→ SOURCE DATA:
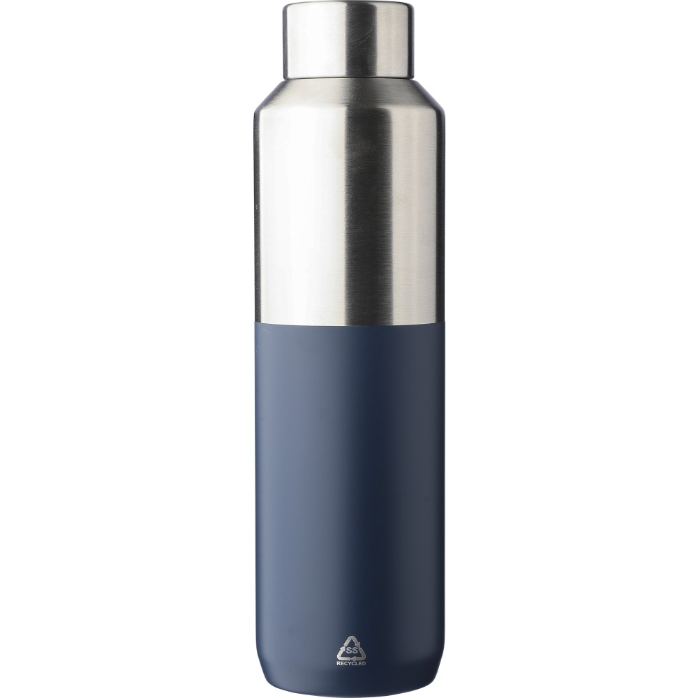 Újrahasznosított rozsdamentes acél palack, 600 ml. Duplafalú, vákuumszigetelt, a belső 304-es, a külső pedig 201-es rozsdamentes acélból készült. Kupakja PP, 201-es rozsdamentes acél külsővel. Elején gravírozott újrahasznosított logó található. Csomagolása barna papírdoboz.
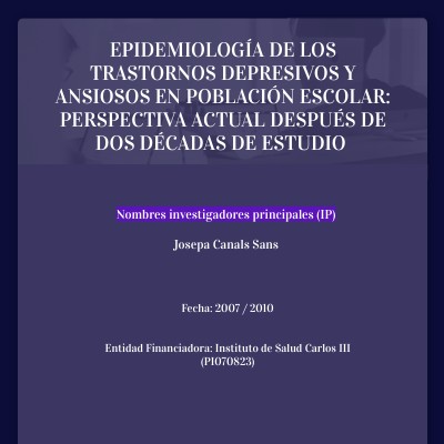 EPIDEMIOLOGÍA DE LOS TRASTORNOS DEPRESIVOS Y ANSIOSOS EN POBLACIÓN ESCOLAR: PERSPECTIVA ACTUAL DESPUÉS DE DOS DÉCADAS DE ESTUDIO
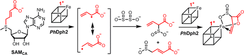 ABSTRACT: Pyrococcus horikoshii Dph2 (PhDph2) is an unusual radical S-adenosylmethionine (SAM) enzyme involved in the first step of diphthamide biosynthesis. It catalyzes the reaction by cleaving SAM to generate a 3-amino-3-carboxypropyl (ACP) radical. To probe the reaction mechanism, we synthesized a SAM analogue (SAMCA), in which the ACP group of SAM is replaced with a 3-carboxyallyl group. SAMCA is cleaved by PhDph2, yielding a paramagnetic (S = 1/2) species, which is assigned to a complex formed between the reaction product, α-sulfinyl-3-butenoic acid, and the [4Fe-4S] cluster. Electron–nuclear double resonance (ENDOR) measurements with 13C and 2H isotopically labeled SAMCA support a π-complex between the C=C double bond of α-sulfinyl-3-butenoic acid and the unique iron of the [4Fe-4S] cluster. This is the first example of a radical SAM-related [4Fe-4S]+ cluster forming an organometallic complex with an alkene, shedding additional light on the mechanism of PhDph2 and expanding our current notions for the reactivity of [4Fe-4S] clusters in radical SAM enzymes.
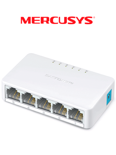 El Switch Mercusys Fast Ethernet de 5 puertos es un dispositivo compacto y eficiente que permite la conexión de múltiples dispositivos a una red local.
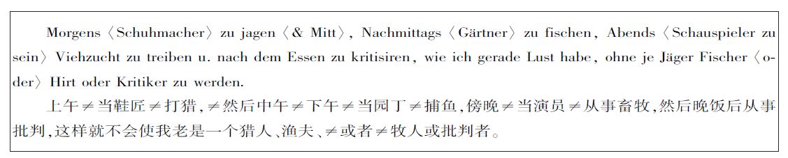从MEGA2第I/5卷的原文中可知,“上午≠当鞋匠≠打猎,≠然后中午≠下午≠当园丁≠捕鱼,傍晚≠当演员≠从事畜牧”这一文本中,被删改的只有“≠当鞋匠≠、≠然后中午≠、≠当园丁≠、≠当演员≠”等部分信息,但依据汉译广松版的异文,“≠当鞋匠【然后中午】下午当园丁、傍晚当演员、[随心所欲地]≠”整个一句话像是被马克思恩格斯删除后,又重新写下了“下午捕鱼,傍晚从事畜牧,然后晚饭后从事批判”等内容。此处广松版的汉译本虽然如实翻译了广松版复原的异文标记,但与手稿本身的记载有较大的的偏差,承袭了阿多拉茨基版中的错误。另外,此处马克思恩格斯为何要将“鞋匠、园丁、演员”等名词改为“打猎、捕鱼、从事畜牧”等动词,原因正在于二人所批判的社会分工,主张在共产主义社会中扬弃拘泥于固定社会职业中的异化劳动。
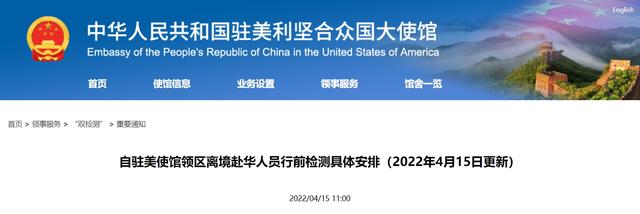 近日,中国驻美大使馆发布回国新政,宣布自2022年4月22日起,自美国出发赴华人员登机前检测再次做出一系列调整。
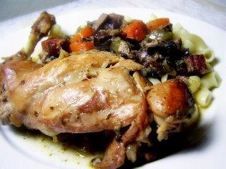 Nota : Daniel Pinard suggère de servir le lapin avec des haricots verts et de garder la sauce aux légumes pour la mélanger à des pâtes, le lendemain.
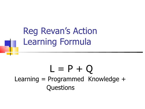 Revans教授曾经用了一个公式来说明行动学习:L=P+Q。L就是学习,P是结构化的知识,而Q怎代表有见解的问题。在Revans教授看来,Q是行动学习的重中之重。后面的一些专家学者不断对这个公式进行了扩张,加上了"R"和“I”,R代表反思,I代表执行。
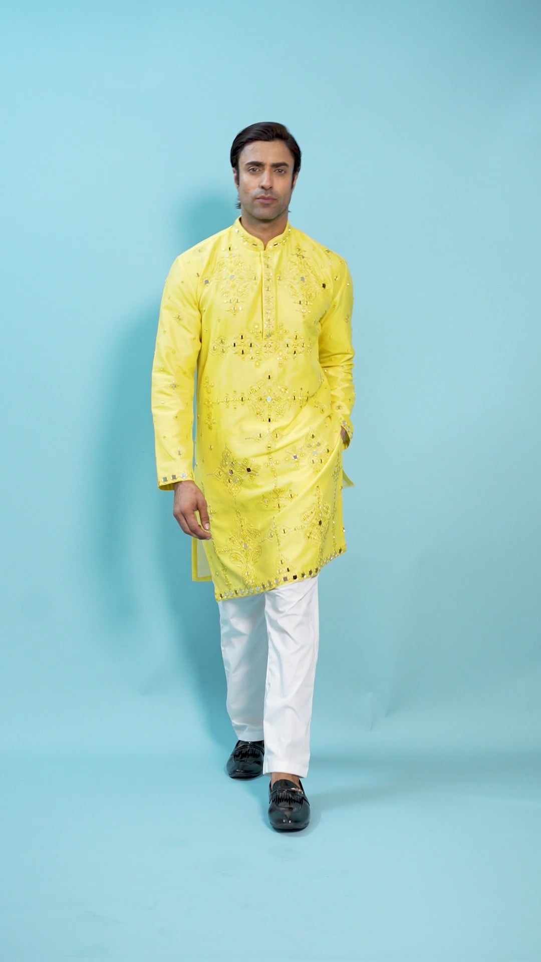 Radiate festive charm in this Sunshine Yellow Mirror Work Silk Kurta Set, designed to capture attention at every celebration. The vibrant yellow hue symbolizes joy and positivity, while the intricate mirror and thread embroidery adds a dazzling traditional touch. Crafted from premium silk fabric, this kurta offers both comfort and elegance, making it ideal for haldi ceremonies, festive gatherings, and daytime weddings. The detailed work around the neckline, cuffs, and hemline brings an exquisite handcrafted appeal that reflects Indian artistry at its finest.

→ WHAT YOU NEED TO DO: Leave out the pictures and repeat exactly the lines from the start of the material through the line that contains "EPIDEMIOLOGÍA DE LOS", both included.

→ ANSWER SPACE:
 Újrahasznosított rozsdamentes acél palack, 600 ml. Duplafalú, vákuumszigetelt, a belső 304-es, a külső pedig 201-es rozsdamentes acélból készült. Kupakja PP, 201-es rozsdamentes acél külsővel. Elején gravírozott újrahasznosított logó található. Csomagolása barna papírdoboz.
 EPIDEMIOLOGÍA DE LOS TRASTORNOS DEPRESIVOS Y ANSIOSOS EN POBLACIÓN ESCOLAR: PERSPECTIVA ACTUAL DESPUÉS DE DOS DÉCADAS DE ESTUDIO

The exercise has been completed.